WHAT YOU SHOULD DO » Each line below from the "Презервативы повышенной прочности" line through the "子供のようにはしゃぎ貝殻を集" line, those two included, must be restated word for word; the pictures must not be.
AVAILABLE DATA below:
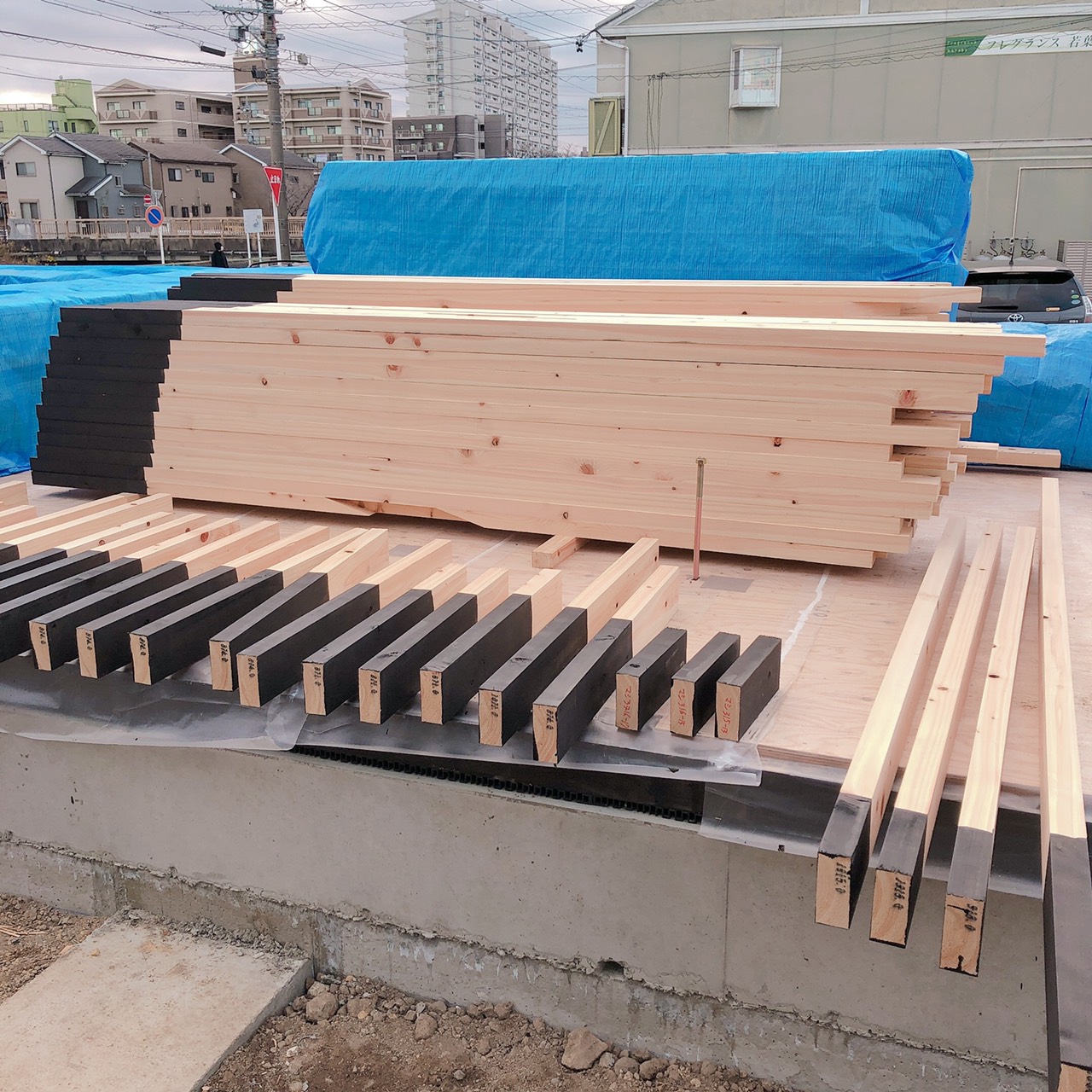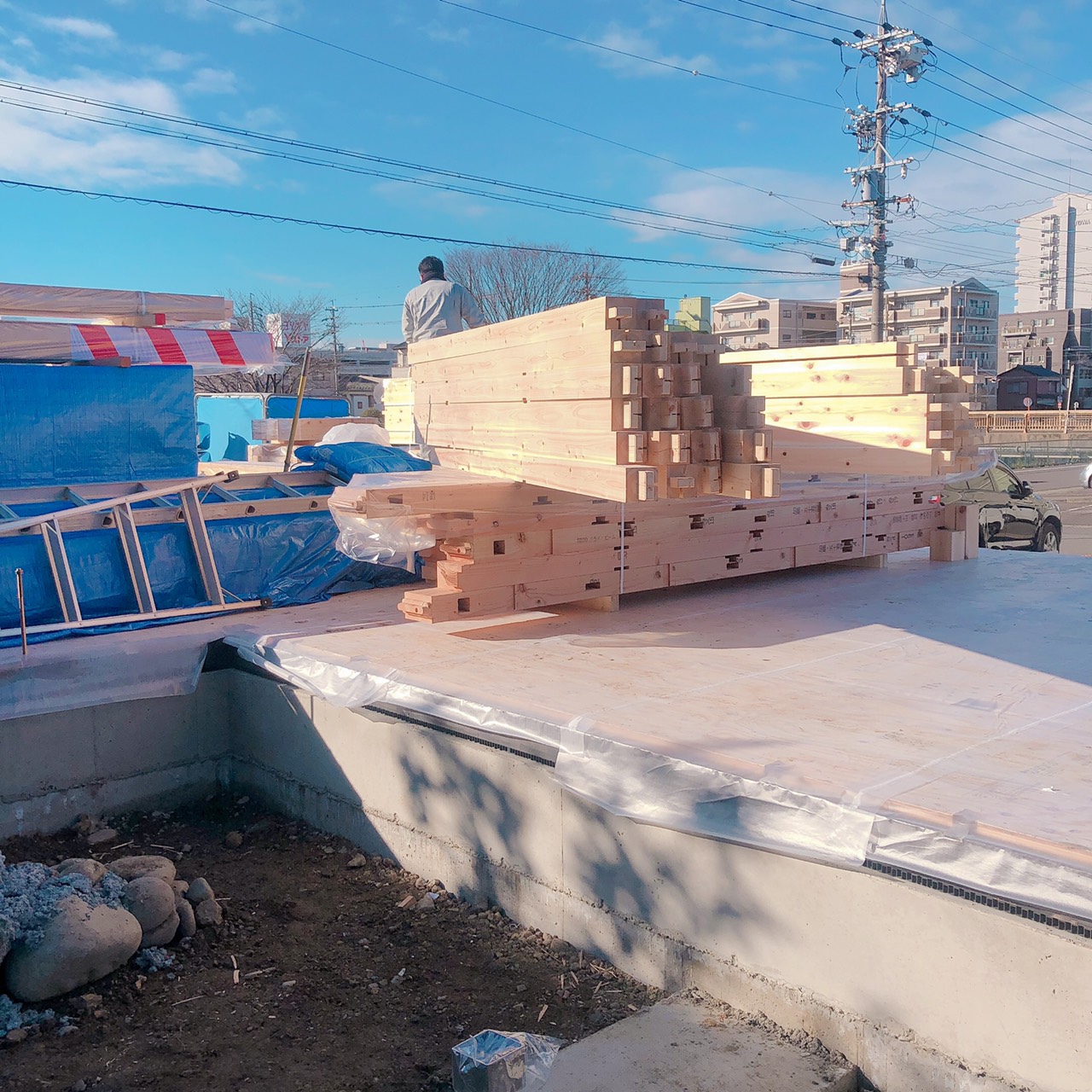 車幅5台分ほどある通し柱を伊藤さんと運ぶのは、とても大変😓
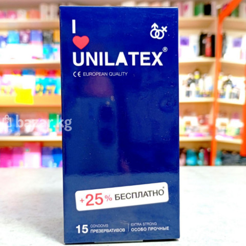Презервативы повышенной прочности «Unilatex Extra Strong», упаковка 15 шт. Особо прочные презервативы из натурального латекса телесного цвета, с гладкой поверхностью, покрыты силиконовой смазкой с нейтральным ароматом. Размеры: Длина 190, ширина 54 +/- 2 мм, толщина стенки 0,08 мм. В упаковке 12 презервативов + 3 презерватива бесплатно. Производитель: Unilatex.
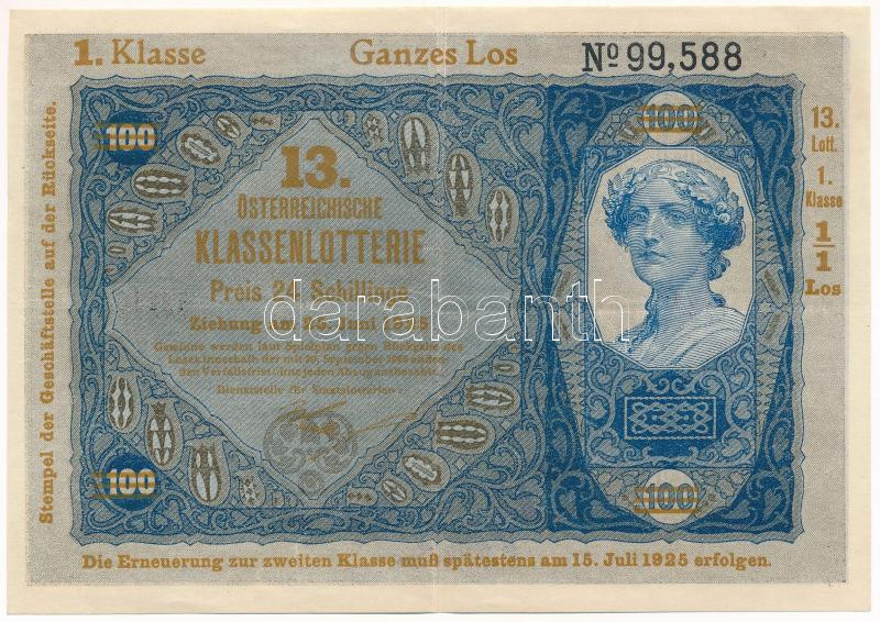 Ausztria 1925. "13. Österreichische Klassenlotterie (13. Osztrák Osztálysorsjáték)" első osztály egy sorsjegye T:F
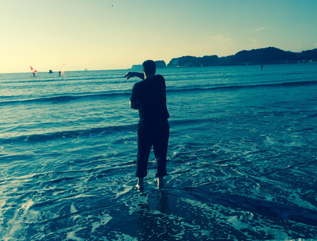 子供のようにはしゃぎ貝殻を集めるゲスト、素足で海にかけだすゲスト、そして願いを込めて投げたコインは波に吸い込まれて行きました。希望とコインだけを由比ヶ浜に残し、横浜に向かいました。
End of AVAILABLE DATA.
AVAILABLE DATA below:
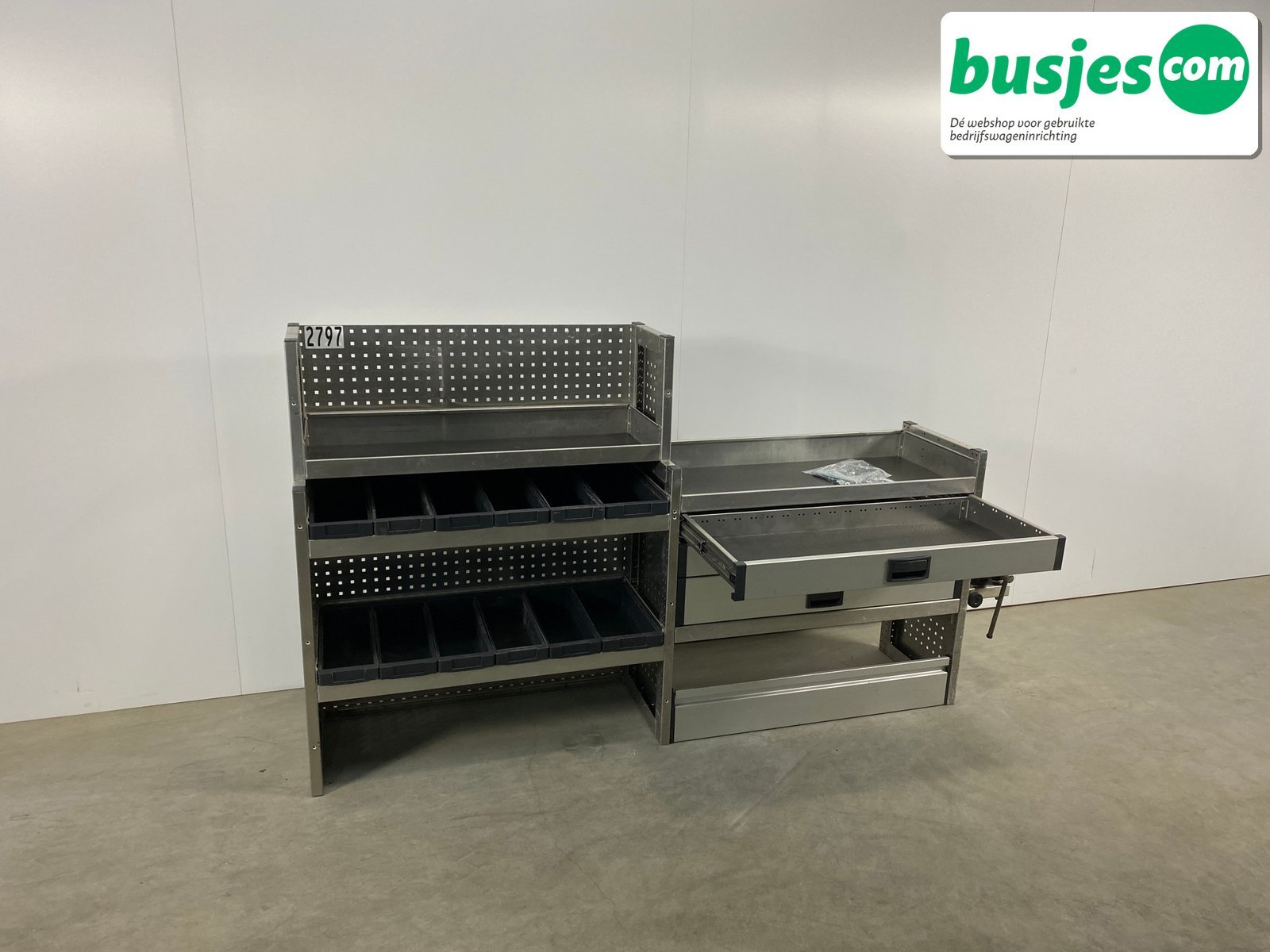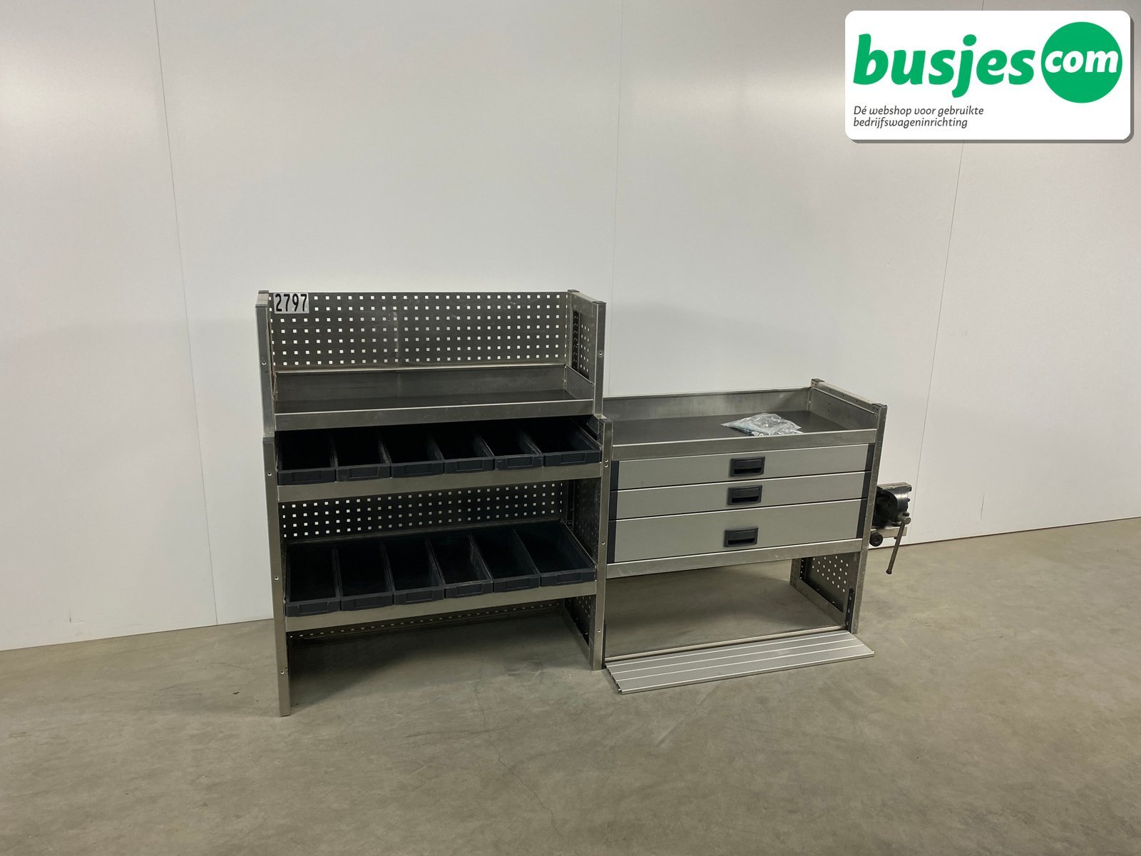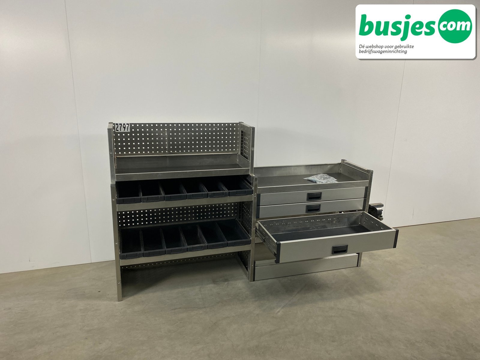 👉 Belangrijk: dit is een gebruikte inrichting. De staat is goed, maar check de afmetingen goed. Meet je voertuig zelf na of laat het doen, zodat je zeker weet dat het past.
End of AVAILABLE DATA.
AVAILABLE DATA below:
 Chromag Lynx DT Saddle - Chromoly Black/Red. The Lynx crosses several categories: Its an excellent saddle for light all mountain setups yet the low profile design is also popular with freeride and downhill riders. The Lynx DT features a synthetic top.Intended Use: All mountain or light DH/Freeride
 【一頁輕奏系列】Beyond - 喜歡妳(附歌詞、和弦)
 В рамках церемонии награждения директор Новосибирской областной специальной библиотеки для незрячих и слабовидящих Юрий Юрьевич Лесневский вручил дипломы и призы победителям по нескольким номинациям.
End of AVAILABLE DATA.
REPLY TO THE EXERCISE »
Презервативы повышенной прочности «Unilatex Extra Strong», упаковка 15 шт. Особо прочные презервативы из натурального латекса телесного цвета, с гладкой поверхностью, покрыты силиконовой смазкой с нейтральным ароматом. Размеры: Длина 190, ширина 54 +/- 2 мм, толщина стенки 0,08 мм. В упаковке 12 презервативов + 3 презерватива бесплатно. Производитель: Unilatex.
 Ausztria 1925. "13. Österreichische Klassenlotterie (13. Osztrák Osztálysorsjáték)" első osztály egy sorsjegye T:F
 子供のようにはしゃぎ貝殻を集めるゲスト、素足で海にかけだすゲスト、そして願いを込めて投げたコインは波に吸い込まれて行きました。希望とコインだけを由比ヶ浜に残し、横浜に向かいました。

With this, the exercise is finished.